En noviembre del año pasado, tuve la oportunidad de conversar con el intelectual mexicano Carlos Monsiváis. Nos encontrábamos en Miami con motivo de la feria del libro de Miami; todavía estaban frescos los sucesos de «la guerra del gas» que en octubre habían provocado la caída de Gonzalo Sánchez de Lozada en Bolivia. Monsiváis me contó que Evo Morales acababa de visitar México y que el político boliviano había sido efusivamente recibido por la prensa como uno de los principales líderes del movimiento antiglobalización en el mundo.
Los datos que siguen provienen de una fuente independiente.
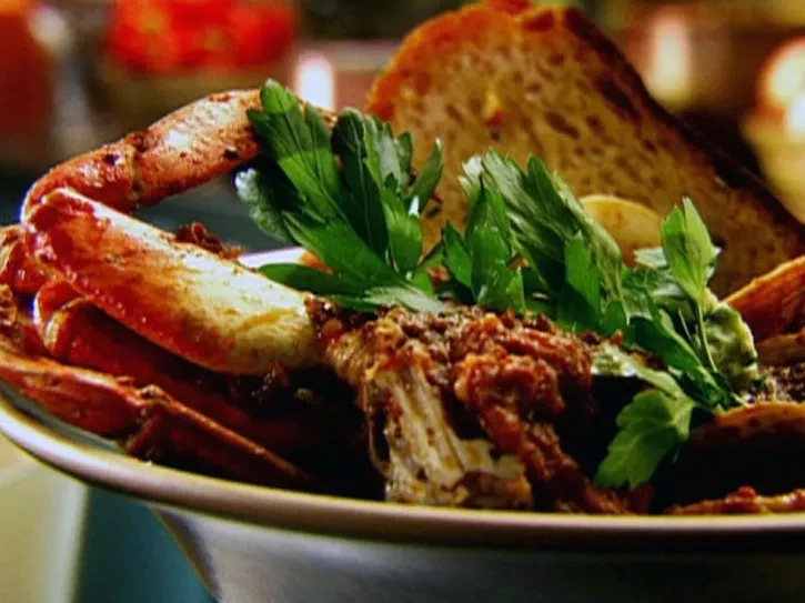 3) With 10 minutes to go, turn the heat up and add the crabs and clams to the broth and steam until open, discarding any un-open ones. Reduce the heat and just prior to serving, add the shrimp and shut off the heat so they don't get over cooked. Remove and discard bay leaves.
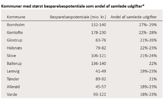 BORNHOLM - Bornholms Regionskommune har ifølge en ny analyse fra tænketanken Cepos det største besparelsespotentiale i Danmark målt som andel af de samlede kommunale udgifter.
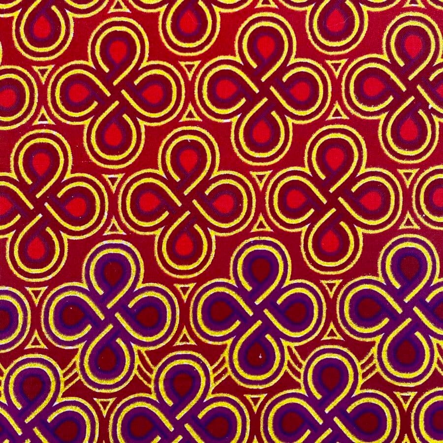 Encore un bel imprimé en vente au coupon, pour vos créations de vêtements, sacs et accessoires, décoration intérieure… Un Tissu Wax pailleté rouge qui vous inspirera autant que moi je l’espère!

A Monsiváis, un intelectual de la izquierda progresista, Morales no lo terminaba de convencer. En una conferencia de prensa en el Distrito Federal, Evo Morales había dicho que había que llevar al paredón a la cultura occidental. ¿Cómo era posible tanto fundamentalismo ideológico? ¿Acaso ese discurso de la izquierda más radical no se había agotado allá por los setenta después de múltiples reveses históricos?
Monsiváis tiene razón al hacer esas preguntas. Para cualquiera que lo conoce de un pantallazo, Evo Morales se presenta como un trasnochado populista más. Sin embargo, si eso fuera todo lo que Evo Morales tiene para ofrecer, su estrella se hubiera desvanecido mucho tiempo atrás y nadie se atrevería a afirmar que hoy es acaso uno de los cinco políticos más importantes de América Latina. Hace rato que muchos políticos y analistas en Bolivia se han dado cuenta de que Evo Morales es más complejo de lo que parece.
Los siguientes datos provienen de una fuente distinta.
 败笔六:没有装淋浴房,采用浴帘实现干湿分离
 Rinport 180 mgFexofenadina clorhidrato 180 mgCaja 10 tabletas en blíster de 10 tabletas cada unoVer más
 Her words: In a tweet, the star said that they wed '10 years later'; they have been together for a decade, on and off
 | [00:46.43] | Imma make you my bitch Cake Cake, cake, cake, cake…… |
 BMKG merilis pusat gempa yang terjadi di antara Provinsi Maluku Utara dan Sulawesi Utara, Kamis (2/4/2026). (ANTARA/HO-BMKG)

Evo Morales nació en el departamento de Oruro en 1959. De familia campesina aimara, pasó su infancia y su adolescencia en una de las regiones más pobres del altiplano boliviano, arreando llamas, trasquilando ovejas, ayudando a sus papás en el duro trabajo del campo. La sequía hizo que muchas veces las plantaciones de papa de su papá no produjeran cosecha alguna. Evo Morales recuerda las veces que, de niño, correteaba a las flotas que pasaban por el camino de tierra Oruro-Cochabamba, en procura de las cáscaras de naranja que los pasajeros arrojaban desde las ventanas. El niño que comía cáscaras de naranja era también un buen futbolista, y a los 16 años ya había demostrado sus dotes de líder como director técnico del equipo de fútbol de su cantón y como organizador de campeonatos deportivos. Era también trompetista de la Banda Imperial de Oruro.
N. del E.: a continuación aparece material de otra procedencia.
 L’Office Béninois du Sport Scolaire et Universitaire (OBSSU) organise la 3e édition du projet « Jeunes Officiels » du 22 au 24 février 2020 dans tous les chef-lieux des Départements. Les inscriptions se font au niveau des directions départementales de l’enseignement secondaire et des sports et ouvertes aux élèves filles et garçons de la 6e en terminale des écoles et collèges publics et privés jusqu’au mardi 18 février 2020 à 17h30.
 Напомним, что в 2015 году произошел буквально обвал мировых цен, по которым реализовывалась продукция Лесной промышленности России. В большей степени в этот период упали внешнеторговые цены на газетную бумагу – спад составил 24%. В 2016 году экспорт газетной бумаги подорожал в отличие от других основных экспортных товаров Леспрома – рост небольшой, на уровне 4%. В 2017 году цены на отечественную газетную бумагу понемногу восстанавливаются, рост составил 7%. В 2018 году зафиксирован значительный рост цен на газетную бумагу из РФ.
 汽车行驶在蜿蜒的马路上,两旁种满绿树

La difícil subsistencia en el Altiplano hizo que, como muchos campesinos de la región, los papás de Evo se plantearan la posibilidad de emigrar a lugares más cálidos. Así, Evo Morales no había cumplido los 20 años y ya vivía en Cochabamba, en el Chapare tropical. El Chapare es un lugar turístico de exuberante belleza, pero también es la zona cero de la hoja de coca en Bolivia: la coca que se cosecha allí es, a la vez, uno de los símbolos culturales más poderosos de la cultura andina y la materia prima de la economía del narcotráfico. Hubo presidentes que trataron de publicitar esa distinción: «coca no es cocaína», era el lema del gobierno de Jaime Paz Zamora a principios de los noventa. Pero Estados Unidos ya había decidido que, en la «guerra contra las drogas», era más fácil atacar la materia prima para la producción de la cocaína que el consumo mismo de la droga, y los gobiernos bolivianos, dependientes de la ayuda exterior estadounidense, debieron, sumisos, empeñarse en erradicar las plantaciones de coca del Chapare.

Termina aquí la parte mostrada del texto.